## Task details
Ignoring every picture, return the lines of the listing below word for word, from the line that holds "where the restricted" through the line that holds "La un moment".

## Record extracts
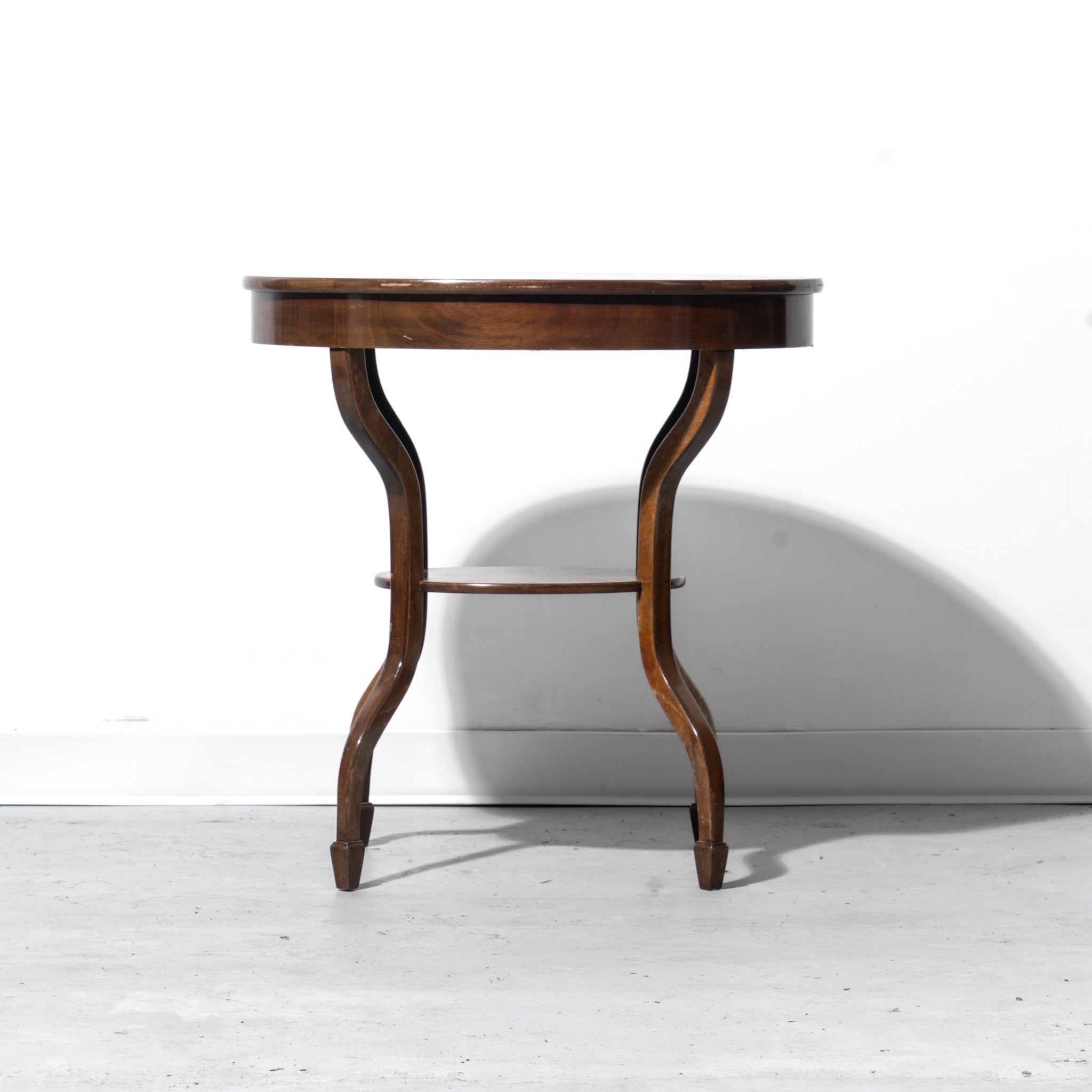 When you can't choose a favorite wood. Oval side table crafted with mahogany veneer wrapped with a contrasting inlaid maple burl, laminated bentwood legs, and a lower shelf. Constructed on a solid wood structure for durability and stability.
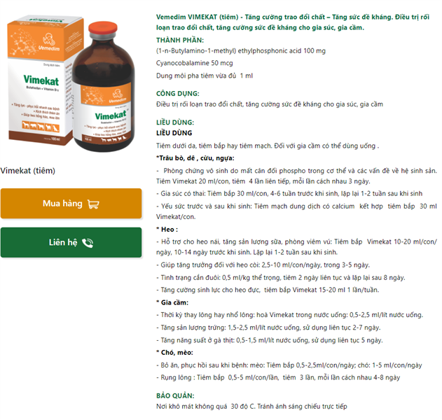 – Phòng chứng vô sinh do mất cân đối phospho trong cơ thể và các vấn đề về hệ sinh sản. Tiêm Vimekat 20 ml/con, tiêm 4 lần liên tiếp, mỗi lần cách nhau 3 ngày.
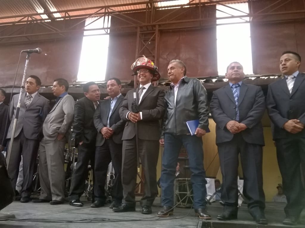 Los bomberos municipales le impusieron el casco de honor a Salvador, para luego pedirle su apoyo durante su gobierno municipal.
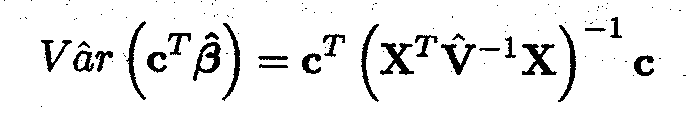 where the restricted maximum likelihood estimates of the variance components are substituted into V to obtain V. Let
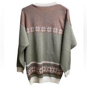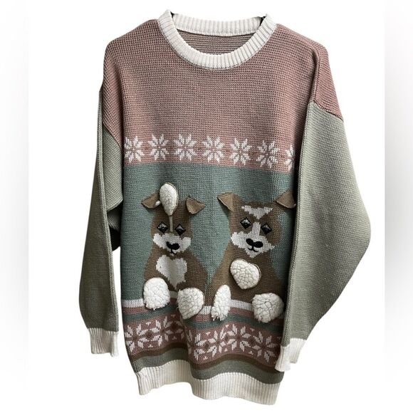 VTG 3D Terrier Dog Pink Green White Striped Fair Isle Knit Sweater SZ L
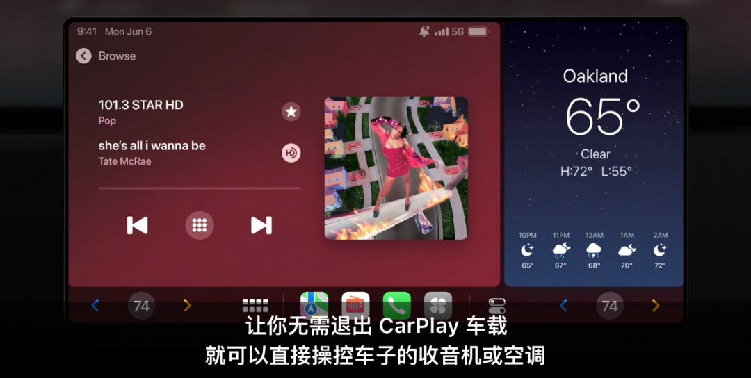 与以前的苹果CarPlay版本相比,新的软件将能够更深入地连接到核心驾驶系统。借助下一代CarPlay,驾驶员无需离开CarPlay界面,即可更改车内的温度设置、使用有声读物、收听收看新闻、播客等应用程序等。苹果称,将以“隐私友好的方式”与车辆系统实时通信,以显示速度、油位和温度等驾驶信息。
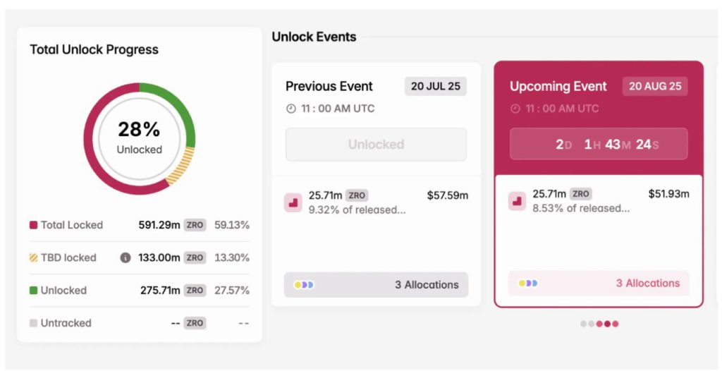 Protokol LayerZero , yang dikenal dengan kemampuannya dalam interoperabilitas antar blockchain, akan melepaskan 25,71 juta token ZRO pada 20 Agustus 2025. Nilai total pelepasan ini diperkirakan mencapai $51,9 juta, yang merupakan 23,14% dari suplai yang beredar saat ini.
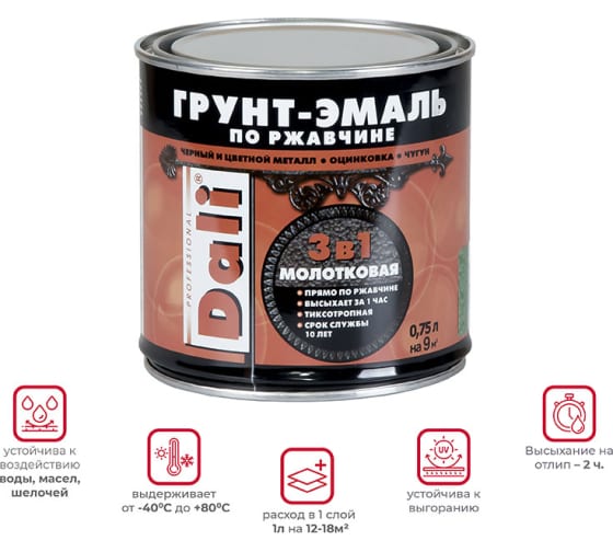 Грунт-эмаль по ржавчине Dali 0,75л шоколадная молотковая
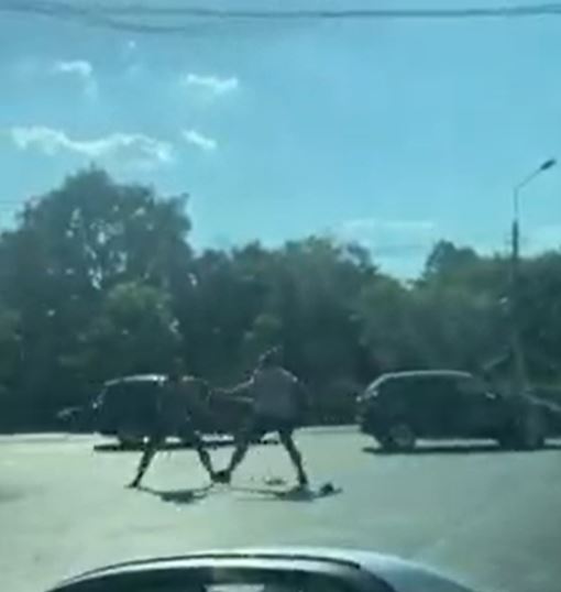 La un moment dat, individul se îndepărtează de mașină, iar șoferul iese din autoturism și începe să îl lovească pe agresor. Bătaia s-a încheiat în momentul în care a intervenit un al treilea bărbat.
==
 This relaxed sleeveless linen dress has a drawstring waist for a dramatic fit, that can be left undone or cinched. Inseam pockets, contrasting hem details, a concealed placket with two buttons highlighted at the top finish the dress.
* * *
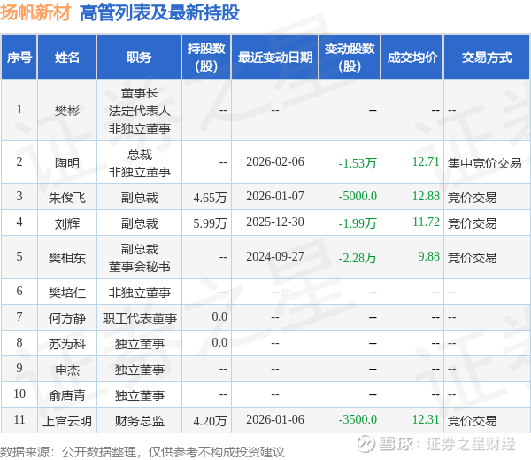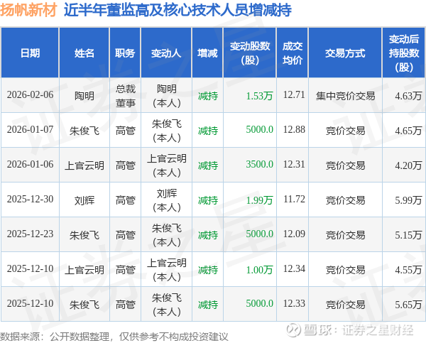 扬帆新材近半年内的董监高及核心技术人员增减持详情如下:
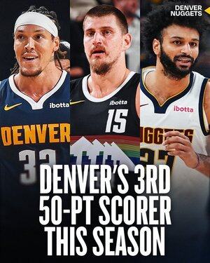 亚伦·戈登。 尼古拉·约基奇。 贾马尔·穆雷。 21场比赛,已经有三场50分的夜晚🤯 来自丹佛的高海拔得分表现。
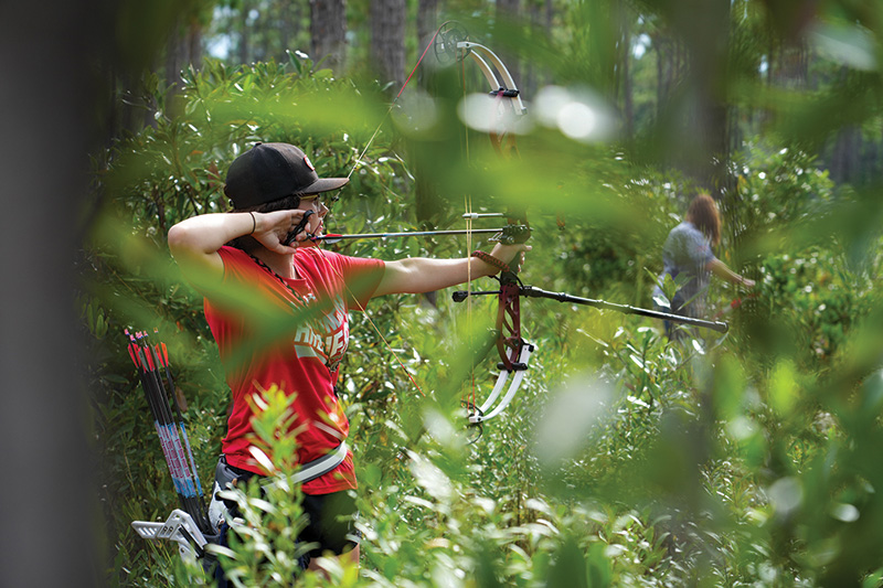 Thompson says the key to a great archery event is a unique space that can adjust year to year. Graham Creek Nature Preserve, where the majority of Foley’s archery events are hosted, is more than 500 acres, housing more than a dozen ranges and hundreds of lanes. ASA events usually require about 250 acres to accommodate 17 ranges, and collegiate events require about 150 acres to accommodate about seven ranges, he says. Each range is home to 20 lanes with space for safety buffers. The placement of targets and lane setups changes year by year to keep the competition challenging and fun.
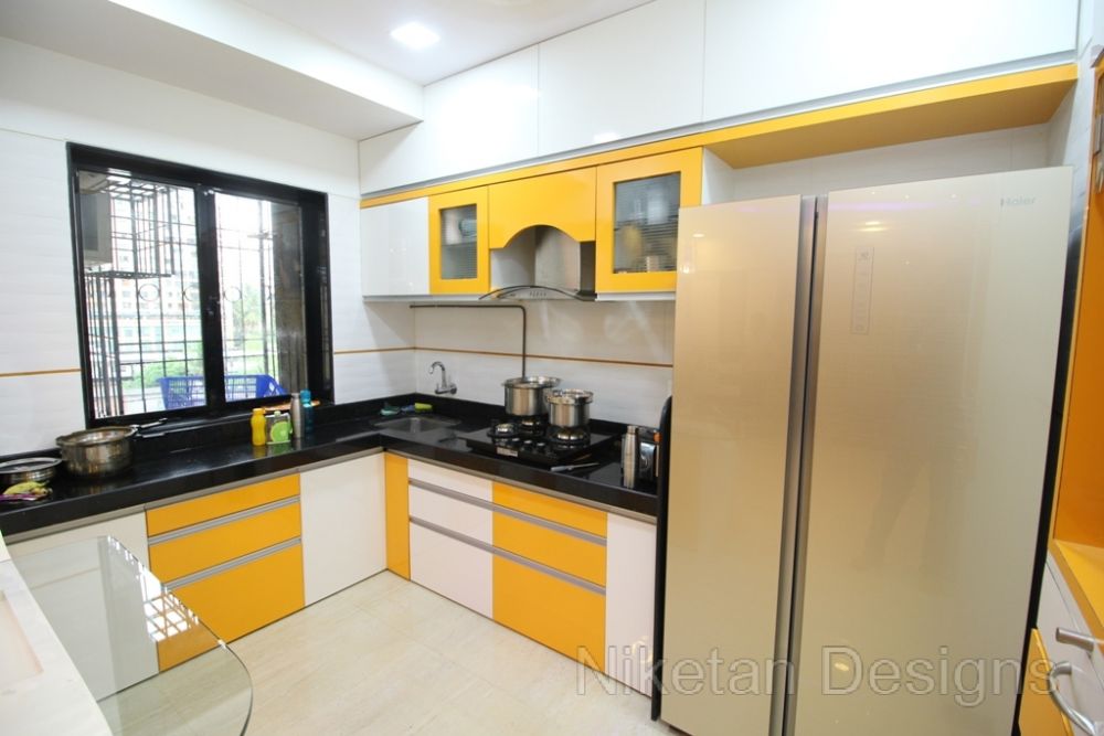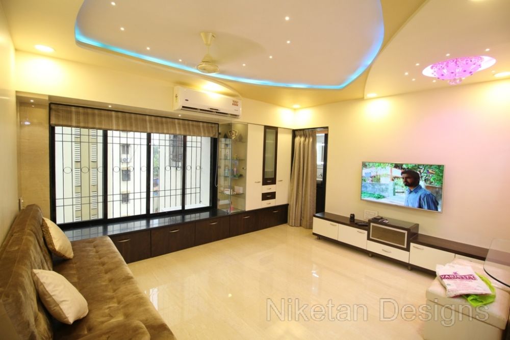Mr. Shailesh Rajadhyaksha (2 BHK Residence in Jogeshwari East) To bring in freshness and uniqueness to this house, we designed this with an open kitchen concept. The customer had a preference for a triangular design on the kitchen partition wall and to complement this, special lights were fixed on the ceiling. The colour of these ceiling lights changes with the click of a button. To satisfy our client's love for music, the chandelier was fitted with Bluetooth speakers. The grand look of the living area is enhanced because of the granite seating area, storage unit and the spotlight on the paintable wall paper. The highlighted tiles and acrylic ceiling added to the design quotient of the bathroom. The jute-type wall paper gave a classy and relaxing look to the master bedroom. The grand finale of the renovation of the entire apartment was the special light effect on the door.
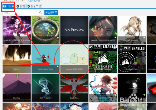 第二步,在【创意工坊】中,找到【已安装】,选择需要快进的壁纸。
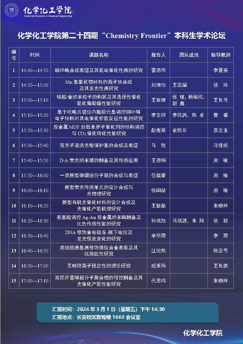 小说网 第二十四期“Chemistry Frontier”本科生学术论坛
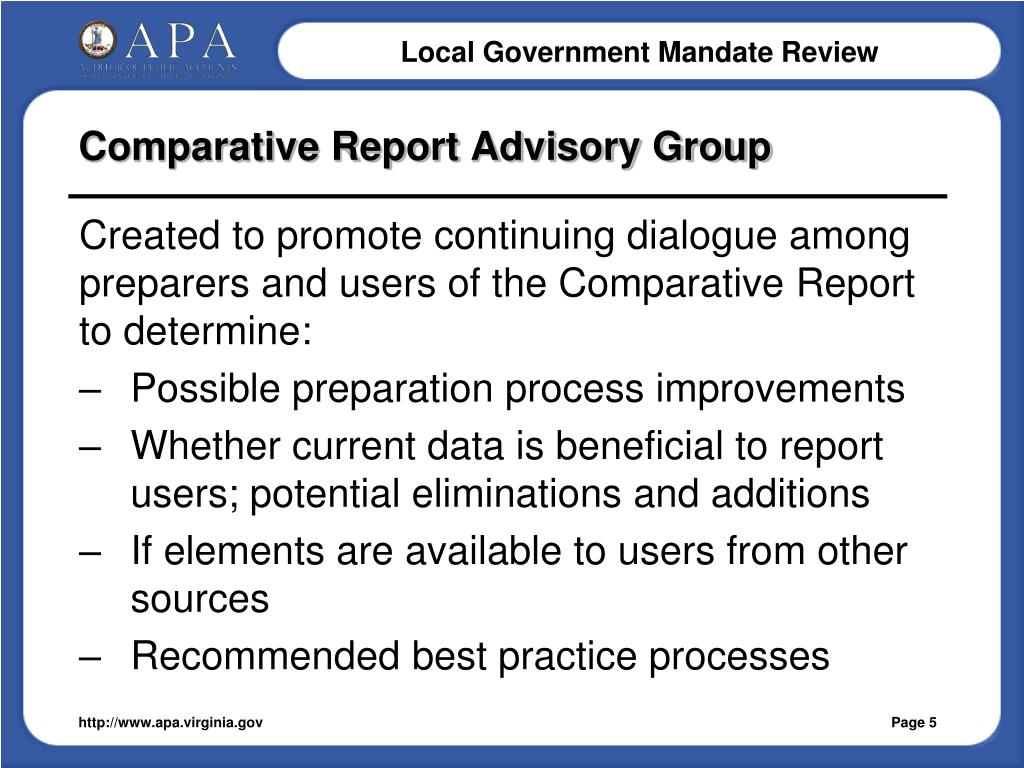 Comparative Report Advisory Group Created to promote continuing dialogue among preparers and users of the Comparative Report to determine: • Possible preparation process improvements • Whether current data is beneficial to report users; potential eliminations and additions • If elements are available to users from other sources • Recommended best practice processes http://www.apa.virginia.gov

## Output of the task
 where the restricted maximum likelihood estimates of the variance components are substituted into V to obtain V. Let
 VTG 3D Terrier Dog Pink Green White Striped Fair Isle Knit Sweater SZ L
 与以前的苹果CarPlay版本相比,新的软件将能够更深入地连接到核心驾驶系统。借助下一代CarPlay,驾驶员无需离开CarPlay界面,即可更改车内的温度设置、使用有声读物、收听收看新闻、播客等应用程序等。苹果称,将以“隐私友好的方式”与车辆系统实时通信,以显示速度、油位和温度等驾驶信息。
 Protokol LayerZero , yang dikenal dengan kemampuannya dalam interoperabilitas antar blockchain, akan melepaskan 25,71 juta token ZRO pada 20 Agustus 2025. Nilai total pelepasan ini diperkirakan mencapai $51,9 juta, yang merupakan 23,14% dari suplai yang beredar saat ini.
 Грунт-эмаль по ржавчине Dali 0,75л шоколадная молотковая
 La un moment dat, individul se îndepărtează de mașină, iar șoferul iese din autoturism și începe să îl lovească pe agresor. Bătaia s-a încheiat în momentul în care a intervenit un al treilea bărbat.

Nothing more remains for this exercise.